On pages 48 and 49 of the Prospectus, "M. NORRIS Decision" is renamed "N. 
NORRIS Decision," "N. Computation of Values" is renamed "O. Computation of 
Values" and the following is inserted:

     M. OPTIONAL MINIMUM GUARANTEED ANNUITY PAYOUT RIDER

     An optional Minimum Guaranteed Annuity Payout Rider is available for a 
     separate monthly charge.  The Minimum Guaranteed Annuity Payout Rider 
     guarantees a minimum amount of fixed annuity lifetime income during the 
     annuity payout phase, subject to the conditions described below.  On 
     each Contract anniversary a Minimum Guaranteed Annuity Payout Benefit 
     Base is determined.  The Minimum Guaranteed Annuity Payout Benefit Base 
     is the value that will be annuitized if the Rider is exercised. 
     Annuitization under this Rider will occur at the guaranteed annuity 
     purchase rates listed under the Annuity Option Tables in the Contract.  
     The Minimum Guaranteed Annuity Payout Benefit Base is equal to the 
     greatest of:

     (a)  the Accumulated Value increased by any positive Market Value
          Adjustment (the "Accumulated Value"); or
     (b)  Accumulated Value on the effective date of the Rider compounded daily
          at an annual rate of 5% plus  gross payments made thereafter
          compounded daily at an annual rate of 5%, starting on the date each
          payment is applied, decreased proportionately to reflect withdrawals;
          or
     (c)  the highest Accumulated Value of all Contract anniversaries since the
          Rider effective date, as determined after the Accumulated Value of
          each Contract anniversary is increased for subsequent payments and
          decreased proportionately for subsequent withdrawals.

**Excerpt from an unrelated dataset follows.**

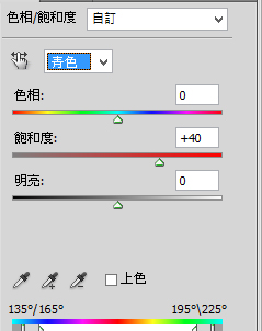 青色就是我們要的主要色系,所以色相不變,飽和度+40。

     For each withdrawal described in (b) and (c) above, the proportionate
     reduction is calculated by multiplying the (b) or (c) value determined
     immediately prior to the withdrawal by the following fraction:
     
                              amount of the withdrawal
                              ------------------------
        the Accumulated Value determined immediately prior to the withdrawal
     
     CONDITIONS OF ELECTION OF THE MINIMUM GUARANTEED ANNUITY PAYOUT RIDER.

     -The Owner may elect the Minimum Guaranteed Annuity Payout Rider at 
     Contract issue or at any time thereafter, however, if the Rider is not 
     elected within thirty days after Contract issue or within thirty days 
     after a Contract anniversary date, the effective date of the Rider will 
     be the following Contract anniversary date.

     -The Owner may not elect a Rider with a ten-year waiting period if at the
     time of election the Annuitant has reached his or her 78th birthday.  The
     Owner may not elect a Rider with a fifteen-year waiting period if at the
     time of election the Annuitant has reached his or her 73rd birthday.
     
     CONDITIONS OF EXERCISE OF THE MINIMUM GUARANTEED ANNUITY PAYOUT RIDER. 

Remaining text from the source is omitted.